適合度統計表は、モデルの品質(または適合度)の複数の指標を提供します。これらの結果は、線形回帰やANOVA表のR² に相当します。最も重要な値は、**対数比(L.R.)**に関連する Chi² (カイ2乗)です。これは線形回帰のFisherのF検定に相当します: 我々は、変数が応答変数の変動を説明するための有意な情報量を提供するかどうかを評価しようします。我々の事例では、この確率が 0.0001よりも低いので、我々は変数が有意な情報量をもたらすと結論づけできます。 モデル・パラメータ の表は、モデルに関する最初の詳細を提供し、モデル品質への変数の寄与度を評価することを助けます。これは多項ロジスティック回帰とは多少異なります。実際、応答変数(ここでは大学進学)の各モダリティで定数を持つ場合、説明変数の係数は各モダリティに共通です。 したがって、平均成績が高いほど、大学進学の確率が高くなると結論できます。実際は、この係数がかなり負値であり、我々のモデルは、参照モダリティ2(大学進学)を持ちます。したがって、0と1モダリティの予測値での負の係数は、平均が高いほど、0と1モダリティが発生可能性が低いことを示します。さらに、カイ2乗検定に関連する確率を踏まえて、我々は、生徒の選択に最も影響する変数が、彼らの両親の教育水準であることがわかります。一方、高校の種類は、有意な影響を持ちません。

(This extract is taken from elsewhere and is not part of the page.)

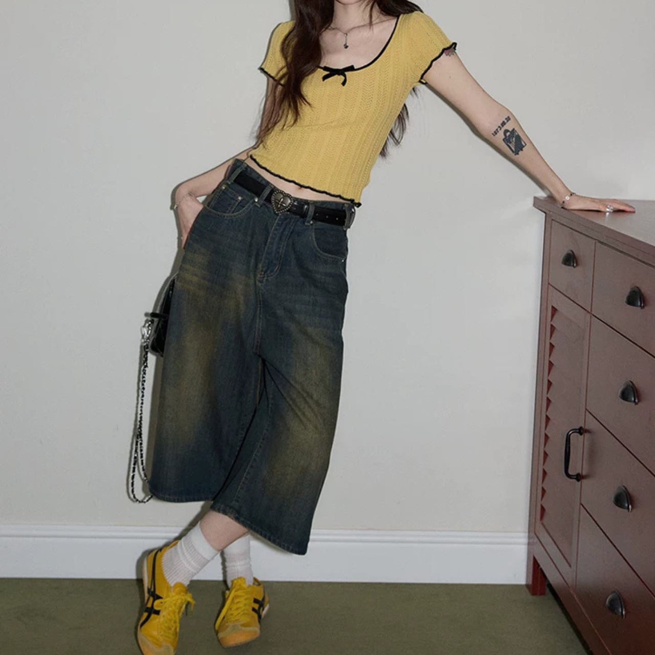 コンパクトな丈感で、ハイウエストのボトムスとの相性も抜群です。

次に予測値と残差の表を見ることができます。最初の生徒We can see that the first high school student (Obs1)は大学への進学を希望しています(モダリティ2 )が、モデルはたぶん彼は希望しない(モダリティ0)っと予測しています。実際、モダリティ 0 ("unlikely") が値 0.549 で最も高にですが、"somewhat likely" または"verey likely" モダリティの確率は、それぞれ 0.359 と 0.092 と推定されています。

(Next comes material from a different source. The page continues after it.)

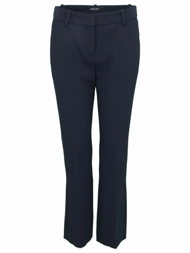 Pantalon de coupe droite, de la marque Marc Cain, de couleur bleu marine. Il est équipé de deux poches latérales. Lavage à 30 degrés.
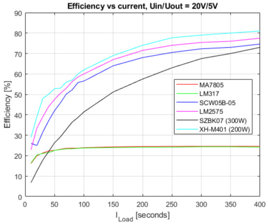 The efficiency of switching (buck) regulators starts at relatively low values, in comparison with the declared (typical or maximal) efficiency in the producers’ datasheets [6,7,8,9,10,11]. According to Figure 9, the lowest efficiency can be seen in the low load current region, where switching regulators SZBK07, LM2575, SCW05B-05, and XH-M401 reach efficiencies of 6.8%, 23%, 26%, and 29%, respectively. The efficiency of these regulators increases rapidly at high load currents and reaches maximal values of 73%, 75%, 78%, and 81%, respectively.

有意な変化は、予測モダリティと観察モダリティの間の値の変化が有意であることを示します。2番目の列有意は、予測モダリティの確率が他の確率よりも高いかどうかを示します。これらの2列は、ダイアログ・ボックスで有意度分析オプションがチェックされた場合に現れます。 トレーニング標本での分類表 (混同行列ともいう)は、各モダリティで正しく分類された(真陽性および真陰性)のパーセンテージを可視化することを助けます。たとえば、"unlikely" モダリティのオブザベーションは正しく分類されました (91.36%) が、一方、"somewhat likely"モダリティのオブザベーションは21.43%.だけ正しく分類されました。結局、モダリティ "very likely" (コード 2) のオブザベーションは1つも正しく分類されませんでした。

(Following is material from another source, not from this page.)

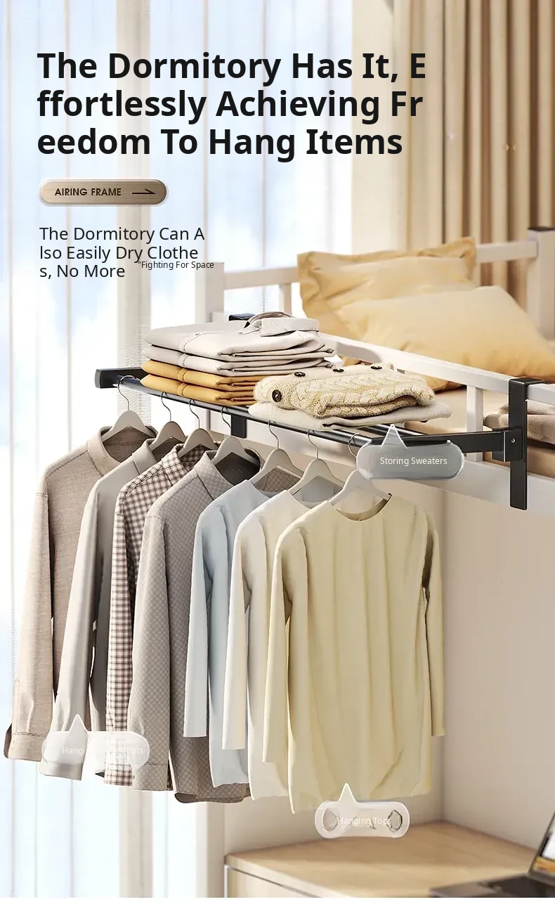 Dormitory Bedside Clothes Rack - Multifunctional Headboard Storage Shelf for Students - Ideal for Hanging Clothes and Organizing Essentials in Bunk Beds

混同プロット は、上記の表を合成的に可視化できます。対角線上の灰色の四角形は、各モダリティで観察された数を表します。オレンジの四角形は、各モダリティでの予測された数を表します。 "unlikely" モダリティ (コード 0)は、"somewhat likely" モダリティ (コード1)や "very likely" モダリティ (コード 2)とは異なり、四角形の面がほとんど完全に重なっているもとがわかります。言い換えると、モダリティ"unlikely" (コード0)では、モデルは220個の観察されたオブザベーションのうち201個のオブザベーションを予測しました。